----- Material supplied

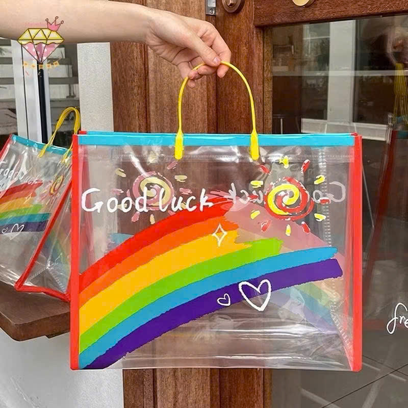Túi Tote Nhựa PVC Trong Suốt Họa Tiết Cầu Vồng - Thời Trang Hiện Đại Mang đến sự kết hợp hoàn hảo giữa phong cách và sự tiện lợi, Túi Tote Nhựa PVC Trong Suốt
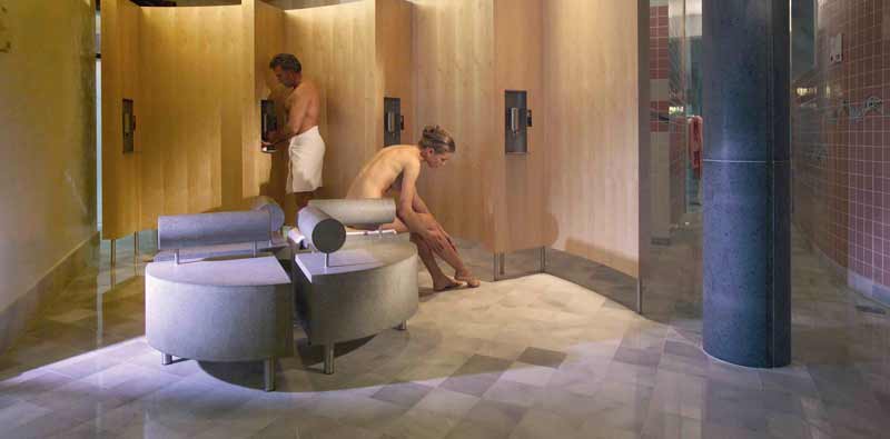 Le parcours du main romain irlandais se fait dans une sorte de labyrinthe un peu hermétique aux novices, se fait nu avec pour seul bagage une toge de ratine et des mules antidérapantes. Le bain est mixte, sauf pour la partie vestiaire, allez savoir pourquoi! La routine dure plus de deux heures, incluant une détente d'une trentaine de minutes à la fin. Les curistes passent du bain chaud au bain très chaud à la douche puis au vigoureux massage à la brosse et au savon. Ils se dirigent ensuite vers les bains d'eau minérale chaude avant de prendre une autre douche, de tremper dans un jacuzzi d'eau minérale, dans un autre bain d'eau minérale et de prendre une dernière douche.
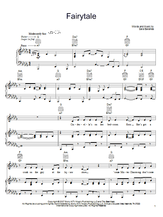 Download or print Sara Bareilles Fairytale sheet music, chords and digital score arranged for Guitar Chords/Lyrics. This Rock score includes 4 page(s).
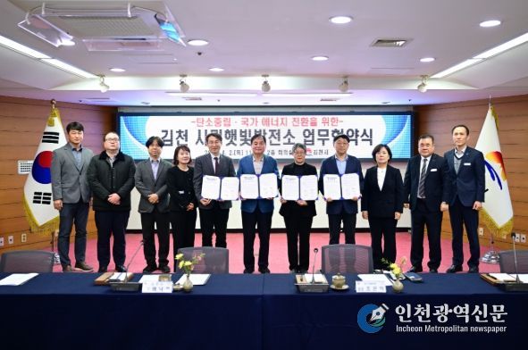 [인천광역신문] 최예준 기자 | 김천시는 4월 2일, 대구지방환경청, 경상북도탄소중립지원센터, (사)누구나햇빛발전과 함께 ‘경북 1호 김천 시민햇빛발전소’건립을 위한 업무협약을 체결했다. 이번 협약은 공공 유휴부지를 활용해 시민이 참여하는 재생에너지 모델을 구축하기 위해 추진됐다.
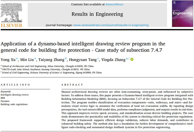近日,建筑与土木工程学院徐咏博士团队在国际知名期刊《Results in Engineering》(影响因子7.9,位于工程领域前3%,中科院分区2区)发表题为“Application of a dynamo-based intelligent drawing review program in the general code for building fire protection - Case study of subsection 7.4.7”的研究论文。建筑与土木工程学院张英达副教授为通讯作者,徐咏博士及2023级硕士研究生刘敏为该论文的共同第一作者,英国上市公司365为第一完成单位。
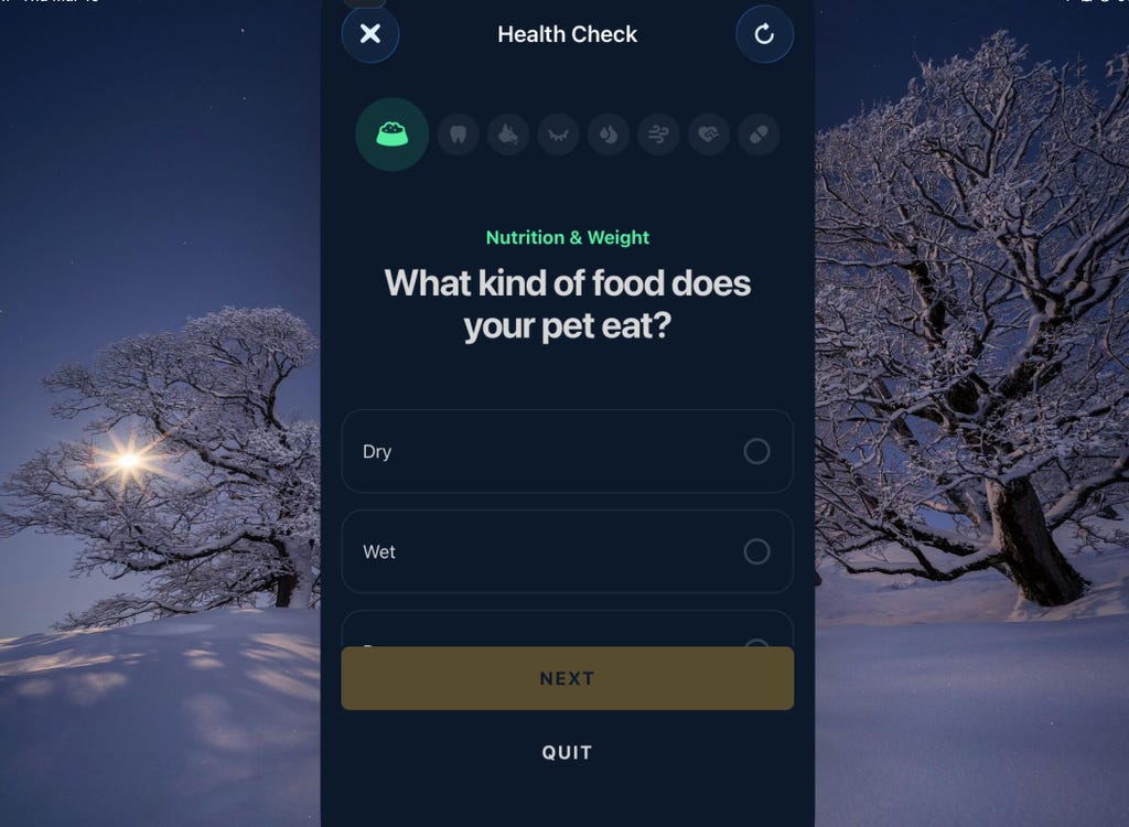 The check-in choices are basic and often limited -- there's an option for your pet eating twice a day or free feeding, but no option for three times a day, for example -- but they can serve to throw up any big red flags. The feature where you send a photo of your pet's profile for automatic analysis of weight gain is particularly cool.
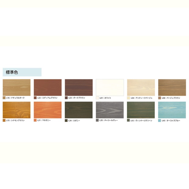 塗装選択色【カラー】L00:クリアオイル/L01:ホワイト/L16:ナチュラルオーク/L22:ミディアムブラウン/L23:ダークブラウン/L04:アンティークベージュ/L08:ベージュブラウン/L15:シナモンブラウン/L21:マホガニー/L24:エボニー/L35:チャコールグレー/L43:ヴィンテージグリーン/L45:ターコイズブルー
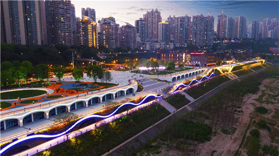 从“江边”到“江景”,一字之差的背后,凝聚着的是十九冶人践行“绿水青山就是金山银山”理念的汗水和匠心,蕴藏着的是十九冶人守护“人民对美好生活向往”的坚守与担当。如今的九龙滩已成为长江重庆段的标志性景点,市民游客漫步在绿道间、奔跑在广场上、休憩在商铺里,在四季轮转的风景里品味着美好生活的无尽滋味,人间烟火溢满江皋!(图由中国十九冶提供 通讯员 彭著陈)
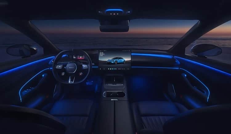 先说最直观的变化。卡布里蓝车漆确实惊艳,阳光下泛着海蚀洞那种青蓝光泽。前格栅重新设计了,毫米波雷达藏在里面,大灯还是那个水滴造型,远光能照400米。尺寸没变,4997毫米车长、3米轴距,还是C级轿跑的底子。内饰暗夜黑配色,方向盘造型改了,缝线工艺更细了,软包面积明显增加,门板上的质感比老款提升了一个档次。
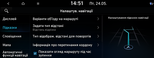 Натисніть SETUP > Навігація > Підказки.
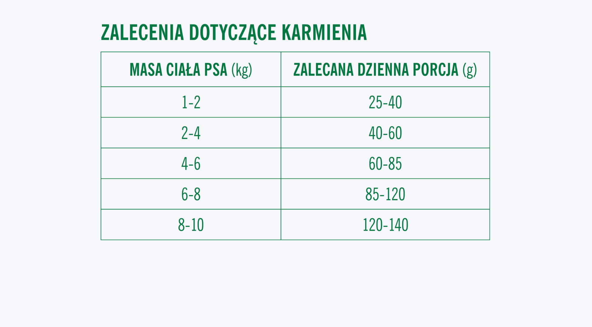 Dzienną porcję dopasuj do masy ciała, wieku, aktywności i indywidualnych potrzeb psa. Ze względu na szybszy metabolizm małych ras, porcję warto podzielić na 2–3 posiłki dziennie. Nową karmę wprowadzaj stopniowo przez 7–10 dni, mieszając z dotychczasową, i zapewnij stały dostęp do świeżej wody.

----------

> Work item
Retype the records above word for word, from their first line through the line containing "Le parcours du", and leave out every picture.

> Reply
Túi Tote Nhựa PVC Trong Suốt Họa Tiết Cầu Vồng - Thời Trang Hiện Đại Mang đến sự kết hợp hoàn hảo giữa phong cách và sự tiện lợi, Túi Tote Nhựa PVC Trong Suốt
 Le parcours du main romain irlandais se fait dans une sorte de labyrinthe un peu hermétique aux novices, se fait nu avec pour seul bagage une toge de ratine et des mules antidérapantes. Le bain est mixte, sauf pour la partie vestiaire, allez savoir pourquoi! La routine dure plus de deux heures, incluant une détente d'une trentaine de minutes à la fin. Les curistes passent du bain chaud au bain très chaud à la douche puis au vigoureux massage à la brosse et au savon. Ils se dirigent ensuite vers les bains d'eau minérale chaude avant de prendre une autre douche, de tremper dans un jacuzzi d'eau minérale, dans un autre bain d'eau minérale et de prendre une dernière douche.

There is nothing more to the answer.